An investor who is long stock and wishes to protect the position from downside risk will receive the most protection by purchasing a protective put. By purchasing the put, the investor has locked in or set a minimum sale price that they will receive in the event of the stock’s decline for the life of the put. The minimum sale price in this case is equal to the strike price of the put. Long puts can be used with long stock to guard against a loss or to protect an unrealized profit. However, by purchasing the put, the investor has increased their breakeven point by the amount of the premium they paid to purchase the put. When looking to establish a long stock long put position, the investor must determine:

  • Their Maximum Gain
  • Their Breakeven
  • Their Maximum Loss

Maximum Gain Long Stock Long Puts

An investor who is long stock and long puts has a maximum gain that is unlimited because they own the stock.

Breakeven Long Stock Long Puts

To determine an investor’s breakeven when they have established a long stock long put position you must add the option premium to the cost of the stock.

Breakeven = Stock Price + Premium

Example:

An investor establishes the following position:

Long 100 XYZ at 55

Long 1 XYZ June 55 put at 3

The investor will breakeven if the stock goes to $58. The stock price has to appreciate by enough to offset the amount of the premium that the investor paid for the option. If at expiration, the stock is at $58 per share and the put expires, the investor will have broken even, excluding transaction costs.
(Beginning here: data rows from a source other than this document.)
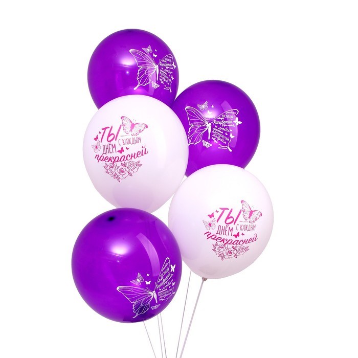 Воздушные шары латексные 12" «Бабочки», 5шт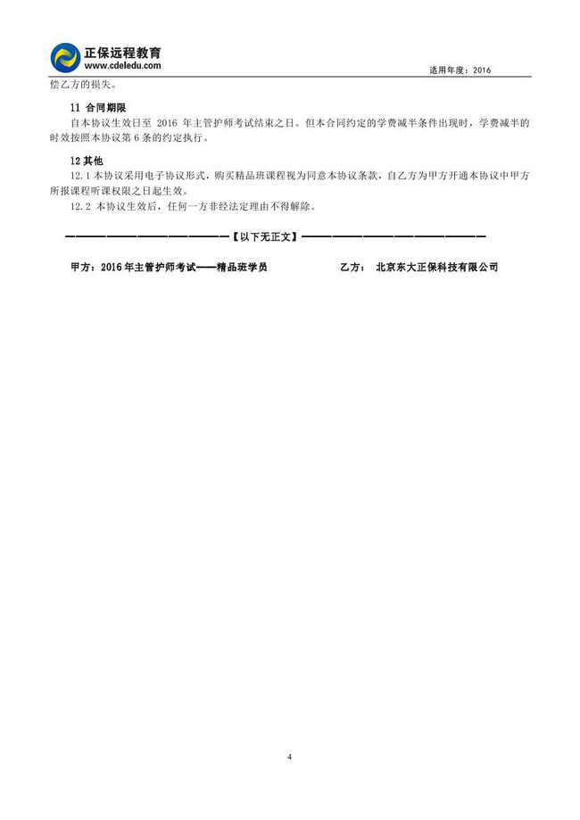 主管护师“精品班”协议书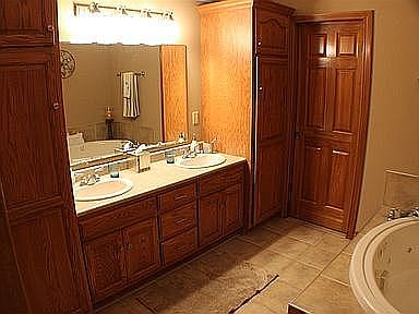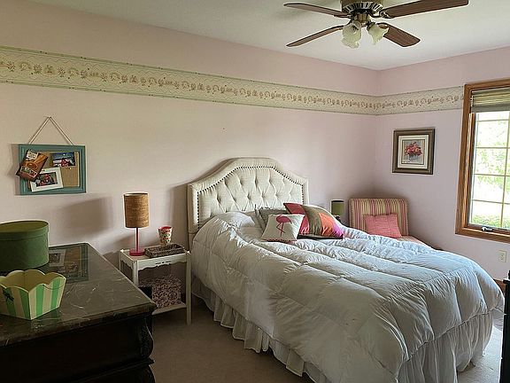 STYLISH & INVITING! Impressive custom ranch on a full, daylight basement. Split bedroom floor plan. Two fireplaces. The lower level has a 7 seat wet bar, rec room, family/theater room, fireplace, office, full bath, storage and five large daylight windows! The three car garage can actually hold four cars, is wired for a potential heater, has a soft water spicket and storage cabinets and shelves. The main level has lovely hardwood floors in the foyer, hall, great room, dining room and kitchen. Spacious great room with a gas fireplace. Both fireplaces have an electrical outlet on the mantles. The master bedroom has crown molding and a treyed ceiling with rope lighting. The master bath has a jet tub, shower and walk-in closet. The cabinets are wired for rope lighting. You will love the kitchen with a breakfast bar and built-in desk. The kitchen is wired for a TV and has rope lighting under the cabinets, and there is extra storage behind the sink. The laundry room has a custom 3-drawer laundry bin with storage, dryer rod and shelf. This home is perfect for formal or casual entertaining. There is a large outdoor deck and the waterspouts are all underground. Battery backup sump pump on the lower level. New furnace 2019 and new hot water heater 2021. Yard is fenced. Buyer's realtor welcome at 3%. This home is a must see with too many special features to mention!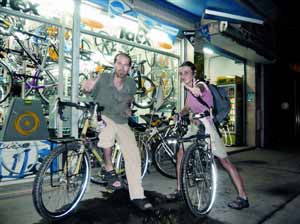 中新網(wǎng)4月23日電 單車游世界屢見不少,多數(shù)都出師有名,為奧運(yùn)、為和平等偉大理想,但游歷四十一個(gè)國家,用四條輪胎行走了六萬八千公里的法英夫婦被問相關(guān)問題后,坦白而直接地回答,“放眼世界,以人力單車代替電油發(fā)動(dòng)的火車、飛機(jī),既省錢又環(huán)保,這不是更好嗎?”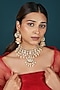 Featuring a 22kt gold plated choker necklace studded with pearls, jadtar and semi-precious stones, set in silver and copper mix. It is paired with a matching pair of earrings. Perfect for festive occasions, weddings or cultural events, this jewellery is a wardrobe must for those who love to shine effortlessly.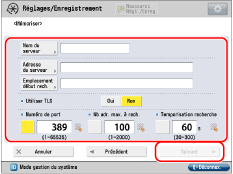 Appuyer sur [Adresse du serveur] → entrer l'adresse du serveur → appuyer sur [OK].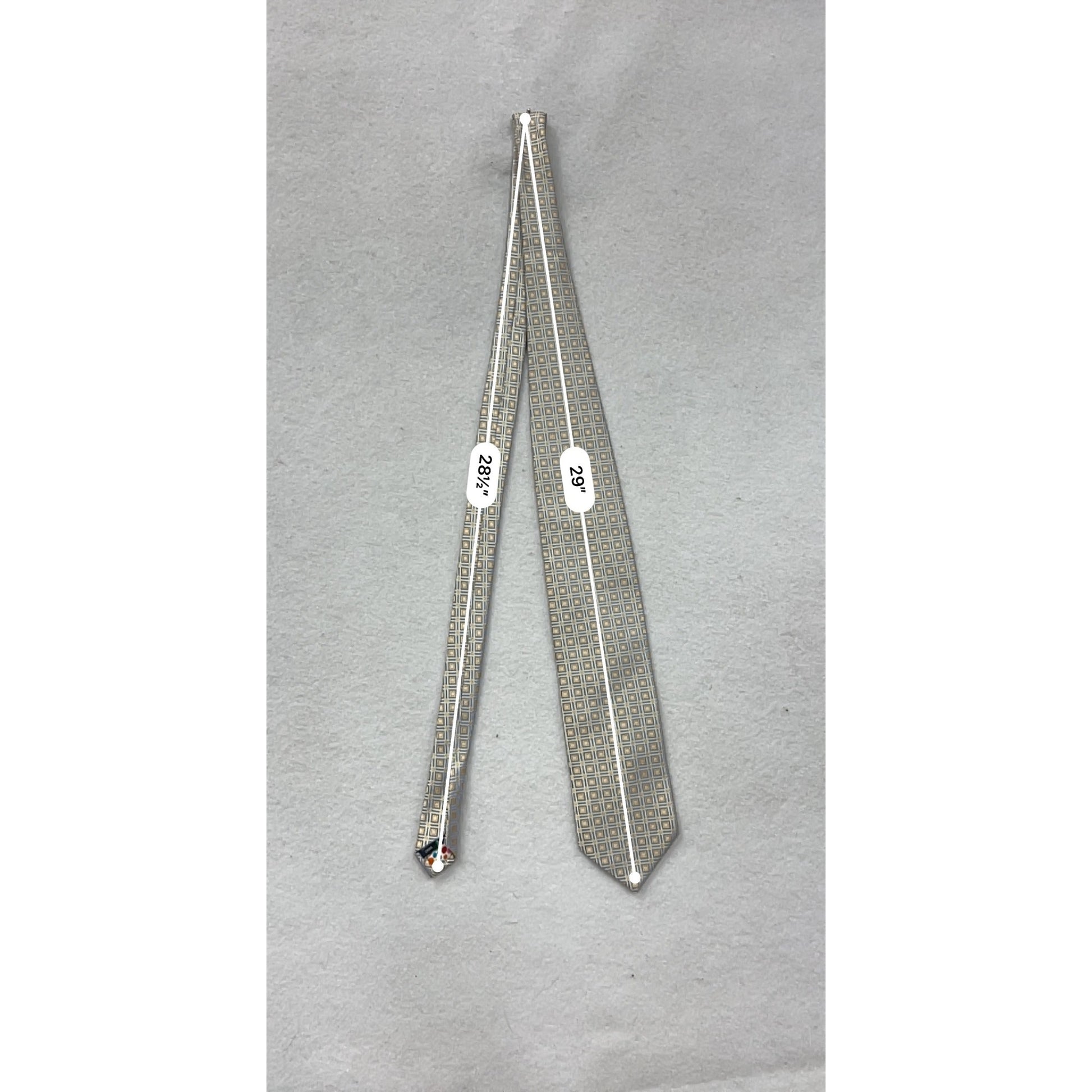 This silk tie features a subtle geometric pattern in gold and blue tones, adding a refined yet casual touch to any outfit.

Maximum Loss Long Stock Long Puts

In order to determine an investor’s maximum loss when they have established a long stock long put position, you must first determine the breakeven as outlined above. Once you have determined the breakeven, use the following formula:

Maximum Loss = Breakeven – Strike Price

Let’s take another look at the previous example, only this time we will use it to determine the investor’s maximum loss.

Example:

An investor establishes the following position:

Long 100 XYZ at 55

Long 1 XYZ June 55 put at 3

We have already determined that the investor will breakeven if the stock goes to $58. To determine their maximum loss, we subtract the put’s strike price from the investor’s breakeven as follows:

58 – 55 = 3

The investor’s maximum loss is $3 per share or $300 for the entire position. Notice that the option’s premium is the investor’s maximum loss. When the purchase price of the stock and the strike price of the put are the same, the investor’s maximum loss is equal to the premium paid for the option.

Let’s take a look at another example where the investor’s purchase price is different from the strike price of the put.

Example:

An investor establishes the following position:

Long 100 XYZ at 58

Long 1 XYZ June 55 put at 2

In order to find the investor’s maximum loss, we first need to determine their breakeven. This investor will breakeven if the stock goes to $60, found by adding the stock price to the premium the investor paid for the put. To find their maximum loss, we subtract the put’s strike price from the breakeven.

60 - 55 = 5

The investor’s maximum loss on this position is $5 per share or $500 for the entire position.

An investor who is long stock and long puts has limited their potential losses and has received the maximum possible protection while retaining all of the appreciation potential.